Copyright © 2020 Albuquerque Journal
It’s been a while since the famous saloon owner and courtesan Maria Gertrudis “Tules” Barceló was spotted around Santa Fe, but she was recently seen at the bar at El Farol on Canyon Road.
Of course, it wasn’t Doña Tules in the flesh; she died in 1852. But her image is gracing the bottles of a line of high-quality mezcal named in her honor.
With the governor’s proclamation shutting down bars, it might be a while before you can sip spirits in a public place. But guess what? There’s a virtual club that’s marketing the añejo mezcal online.
Founded by filmmaker Scott Andrews, the Doña Tules Single Barrel Club purchases small lots of mezcal produced in Mexico and brings them up the Turquoise Trail to Santa Fe, where they are aged in French and American oak for a minimum of 15 months. The youngest release to date is 19 months, and the oldest 30 months.
The venture has pledged to give 50% of its profits to local community organizations in Mexico that are selected with the help of its traditional producers. The other half will go to a nonprofit called The Wisdom Archive (thewisdomarchive.com), which makes documentaries about disappearing traditional culture here, in Mexico and around the world.
In the spirit of full disclosure, it must be revealed that Andrews declined to be interviewed by Journal North because he promised another publication an exclusive in June.
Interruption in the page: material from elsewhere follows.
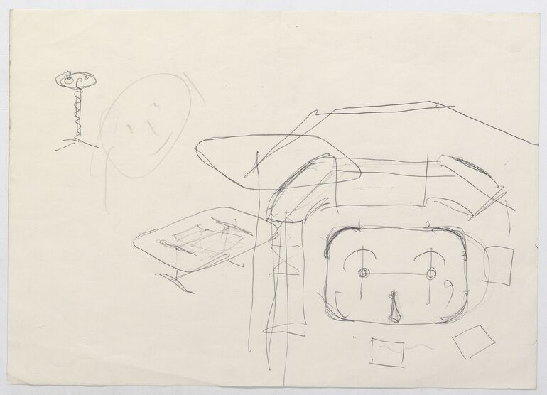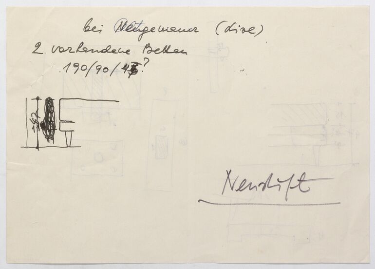 Skizze, Seitenansicht einer Sitzbank für den Erker, Anna-Lülja Praun, MAK Inv.nr. KI 16475-5-93

In light of recent events, that seems a long time to wait for an interview.
Bottles of Doña Tules barrels No. 1, 2 and 3 are in town right now. Why wait to talk about the Single Barrel Club, especially when there’s plenty of information about it on the company’s website?
Here’s how it works, according to the website: In every barrel, 250 bottles are reserved for club members. When the club is full, the bottles will not be sold to the general public. When there are a few extra bottles or special editions outside the regular club offerings, they will be made available first to club members.
Members agree to buy one bottle of each release (two releases per year) at $150 (including shipping) each. These releases will be bottled and shipped on May 1 and November 1. Subscribing members are entitled to buy additional bottles of each edition, when available, for $120.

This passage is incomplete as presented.